The Hammersmith & City Railway - 9th August 2014

Last Week - you can see I'm running a bit behind here!



I was lucky, not only to be a steam train enthusiast, but to be with friends of a similar bent! Also some of my colleagues are more than generous with their time, complimentary tickets and encouragement to ‘get up and do it’!  Can you believe it?  I nearly turned down the tickets to go on this wonderful trip!

We assembled at Moorgate, the Moorfields entrance to be greeted by a brass band playing lively Victorian marching tunes which went on to music hall medleys. The staff were well informed and very organised and we followed our ‘ticket inspectors’ to our respective groups, for us ‘E’, there we waited excitedly to get on to the platform to begin our journey to Hammersmith in style!





Hammersmith & City Railway opened on 13th June 1864 with services from Hammersmith joining the Metropolitan at Edgware Road and continuing to Farringdon. The line was ‘cut and cover’ not tunnelled so we would played ‘peek a boo’ with the steam aficionados waiting on various bridges and viaducts to take a photograph of us en route.


 The ‘Sarah Siddons’ the oldest working main-line electric locomotive in the UK would take us on the outward journey. One of twenty locomotives made by Metropolitan Vickers for the Metropolitan Railway.  Sarah is No. 12, and for my Guide friends, No. 8 was named Sherlock Holmes and No. 20 Sir Christopher Wren.  Our locomotive was refurbished in 1971, and again in 2008 to as near as possible to her Metropolitan Railway livery circa 1929.

'Jubilee' First class carriage
First Class

Another ‘celebrity’ travelling with us was Met carriage No. 353 built in 1892 by Craven’s of Sheffield, the only surviving example of the first class four-wheeled ‘Jubilee’ carriage.  It was withdrawn from service in 1905 but kept working on a light railway in Somerset until 1940. During WWII it became a clubhouse for American servicemen, used as a low cost home, an antique shop and finally an outbuilding. It survived and was revived in time for the 150th anniversary. I was not in this carriage, we were in Third Class with this fabulous upholstery!

Third Class upholstery
We would return by steam by Metropolitan Railway Locomotive No. 1 the last loco to be built at Neasden Works in 1898.  It worked the last steam service on the Chesham branch until July 1960 and the last steam-hauled passenger train in regular service between Rickmansworth and Amersham in September 1961.  In 2011 London Transport Museum and Buckinghamshire Railway Centre formed a partnership to have Met No 1 overhauled at workshops in Gloucestershire ready for 150th anniversary of the Underground in 2013.

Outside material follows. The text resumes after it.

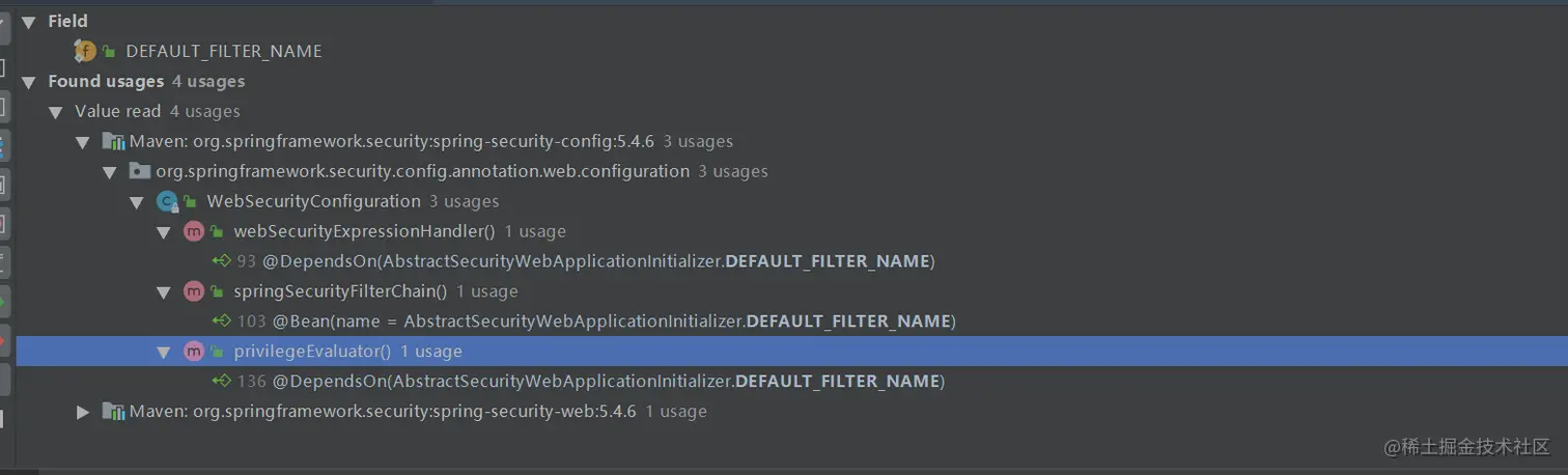 实际上到了这里,我们可以稍微总结一下,我们在Spring IoC容器外部配置了DelegatingFilterProxy,这个Filter执行拦截或者初始化时会去Spring上下文中根据名称和类型依赖查找获取Filter Bean,后续的拦截逻辑,由Filter Bean来完成,而Filter Bean我们根据对源码的定位,不难得知,其实就是FilterChainProxy;

On getting to the platform our collective joy at seeing the steam loco made it a real task for the staff to get us into our respective carriages in time for the train to leave! Finally all comfortable and settled with open windows and plush seats we were off! 

It was fun to see the faces of the Saturday commuters as we whisked by, with a look of disbelief. We waved madly and found that Kings Cross Station with Baker Street following a close second, were the best for responsive and enthusiastic ‘wavers’! Also it was interesting to see a modern Tube train beside us with the travellers oblivious to us sideling up to and then sliding past them. They have no idea what they missed!

On arrival at Hammersmith a lot of hustle going on - ‘let’s get in the way of the camera, video, phones’ as the press of people went to what was now the front of the train to watch Met No 1 take on water from an improvised tank, ready to steam us back. 



Oh the smell of steam, the fug of soot and touch of grit! The minute the loco started, the rapture, yes the rapture on our faces. The sound of the train gathering speed that steady rise of sound as we gathered pace. Into the first tunnel and yes, the intense smoky smell and grit in your eye! Bliss!



We did not find out until we arrived back at Moorgate that we had shared our carriage with one of the last steam train drivers (the big ones) ever! Well I am sure we will meet again on a steam train sometime soon and we can plague him with questions.

Out into the bright sunlight ready for a cup of tea and excited chit chat about our adventure! 


Special Thanks to Paul, Mike and Jeanette and the rest of the crew!

Lovely smiles from those we left behind.












2 comments:

  1. A delightful account of a memorable journey. What a wonderful way to mark the Underground's 150th anniversary.